Segment Start: Information supplied

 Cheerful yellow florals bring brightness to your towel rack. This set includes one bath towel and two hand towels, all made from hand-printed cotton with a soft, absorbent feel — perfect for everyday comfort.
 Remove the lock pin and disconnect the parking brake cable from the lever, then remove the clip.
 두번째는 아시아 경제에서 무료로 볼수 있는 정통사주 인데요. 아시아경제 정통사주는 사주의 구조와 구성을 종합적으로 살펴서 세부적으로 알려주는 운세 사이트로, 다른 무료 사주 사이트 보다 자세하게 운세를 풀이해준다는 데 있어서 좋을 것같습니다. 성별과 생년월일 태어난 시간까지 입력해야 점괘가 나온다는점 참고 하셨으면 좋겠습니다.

Segment End: Information supplied
Segment Start: Information supplied

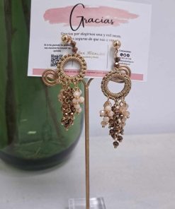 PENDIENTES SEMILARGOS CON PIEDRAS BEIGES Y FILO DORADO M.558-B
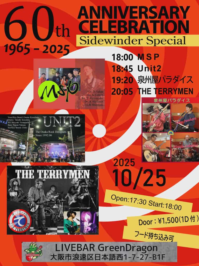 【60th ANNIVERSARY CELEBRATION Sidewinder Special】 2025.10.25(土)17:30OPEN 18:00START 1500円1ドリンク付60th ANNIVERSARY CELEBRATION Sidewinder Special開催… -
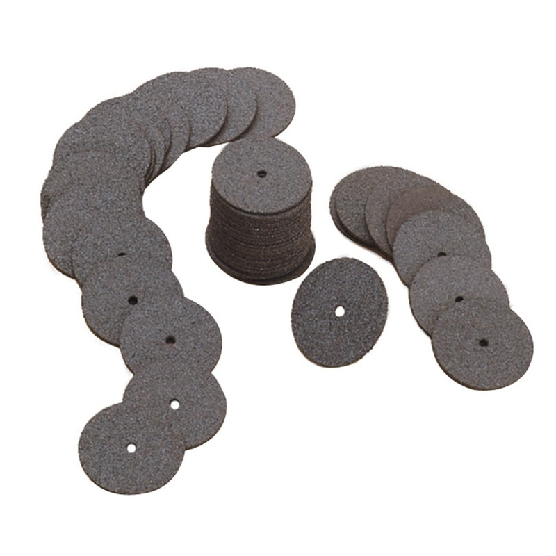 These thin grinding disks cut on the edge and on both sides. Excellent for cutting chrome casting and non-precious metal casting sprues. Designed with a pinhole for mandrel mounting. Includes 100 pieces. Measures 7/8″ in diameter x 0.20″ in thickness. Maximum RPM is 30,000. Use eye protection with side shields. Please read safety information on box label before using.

Segment End: Information supplied

Task requirements => Among the entries above, take the lines from the one with "CELEBRATION Sidewinder Special】" through the one with "These thin grinding" and retype them exactly, leaving out the pictures.

Answer space =>
 【60th ANNIVERSARY CELEBRATION Sidewinder Special】 2025.10.25(土)17:30OPEN 18:00START 1500円1ドリンク付60th ANNIVERSARY CELEBRATION Sidewinder Special開催… -
 These thin grinding disks cut on the edge and on both sides. Excellent for cutting chrome casting and non-precious metal casting sprues. Designed with a pinhole for mandrel mounting. Includes 100 pieces. Measures 7/8″ in diameter x 0.20″ in thickness. Maximum RPM is 30,000. Use eye protection with side shields. Please read safety information on box label before using.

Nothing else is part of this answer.